Натянутое до ушей одеяло, две пары испуганных глаз.

– Ой!

– Японский городовой! Мы думали, тут никого… Извините…

В комнату валились трое парней в заляпанных краской рубахах и спортивках. У одного на голове газетная шапка.

– Мы, это… Ремонт типа… А, вы чего не отвечали? Мы ж стучали…

Мама очнулась первой:

– А ну выметайтесь отсюда живо!

– Да выметаемся, выметаемся, чего орать-то… Сказали б сразу, что тут занято…

Пожав плечами, парни ушли. Было слышно, как они ржут в коридоре. Это они над ними, над ней, над Элей смеются. Эле стало жутко неловко. Правда, чего они молчали? Надо было сразу заорать: «Пошли вон!» И парни бы ушли. А они под одеялом затихарились. Глупо-то как!

Мать вылезла из кровати, прошлепала, засунув ноги в расстегнутые босоножки, к двери:

– Замок сломали… Теперь не закроешь…

– А что делать? – Эля чувствовала себя кисло.

Такой был день! Самый важный день в ее жизни. И такой конфуз. Называется: «А поутру они проснулись…» Ей казалось, что все теперь будут над ней смеяться. Спряталась под одеялом! – Ха-ха-ха, детский сад. Девочка, беги к маме! Кто такие «все», она не задумывалась. Наверно, это она переняла от матери: что скажут, как посмотрят. Ей самой не нравилась такая зависимость от чужого глаза, но избавиться от нее она не могла.

– Не знаю. Может кроватью припереть? Тогда не открыть будет снаружи. Наверно…

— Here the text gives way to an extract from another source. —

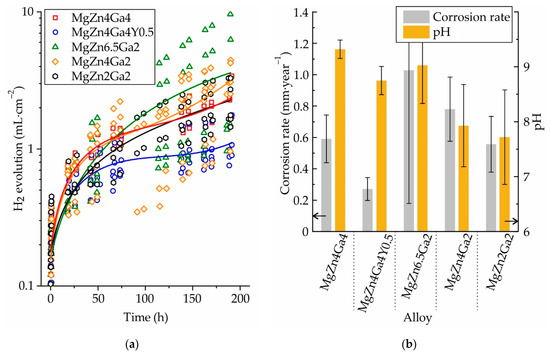 The amount of H2 released during the 192 h immersion corrosion testing of the Mg–Zn–Ga alloys in Hanks’ solution after 18 h of SSHT at 350 °C (450 °C for MgZn2Ga2) is shown in Figure 11a. Evidently, the amount of released H2 varied significantly for the alloy samples; consequently, a large number of samples were used for the corrosion test. The calculated corrosion rate (CR) of the investigated alloys and the pH of corrosive media (Hanks’ solution) measured at the end of the corrosion tests are shown in Figure 11b. These results show that the addition of 0.4 wt.% Y to MgZn4Ga4 decreased its CR from 0.59 to 0.27 mm/year, i.e., it more than halved the initial CR. For the alloys with a Zn/Ga ratio (wt.%) close to 1, the corrosion rate was approximately the same, i.e., ~0.6 mm/year. When the Zn/Ga ratio was increased to 2 and 3.25 while the Zn content in the alloys was higher, their CR increased to 0.78 and 1.03 mm/year, respectively. The pH of the corrosive media for the high-alloyed MgZn4Ga4, MgZn4Ga4Y0.5, and MgZn6.5Ga2 was close to 9 after 192 h of corrosion testing, while that of the low-alloyed MgZn4Ga2 and MgZn2Ga2 was close to 8. In general, a higher CR is proportional to a higher pH value of the medium; however, this trend was not observed in our results [34,35]. At the same time, it can be seen that pH is higher for high-alloyed alloys, and it is possible that the content of Zn and Ga in the medium affects its pH.

Они стали толкать тяжелую койку к двери. Но она не хотела вставать вдоль, мешал шкаф, пришлось придвинуть ее наискосок, припереть дверь одной стороной спинки. Но только они выстроили свою баррикаду, в дверь опять застучали. На этот раз тихонько. И донесся женский голос: «Извините. Откройте, пожалуйста. Я из студсовета…»

Они потянули железный одр в обратную сторону, ножки проехались по убитому паркету с залихватским взвизгом: «Й-й-ех, тр-р-ех!» Дверь приоткрылась. В комнату просунулось заспанное лицо давешней девахи, той, что раздавала ключи поселенцам. Она принажала на дверь круглым плечиком, обтянутым ситцевым халатиком в белых ромашках по синему полю. Кровать отъехала еще, не забыв возвестить об этом соловьино-разбойничьим посвистом: «Й-й-и-зи-и!» Эля даже покраснела от неловкости ситуации: «Она, эта девица, поймет же, что мы со страху дверь приперли. Вот дурдом!»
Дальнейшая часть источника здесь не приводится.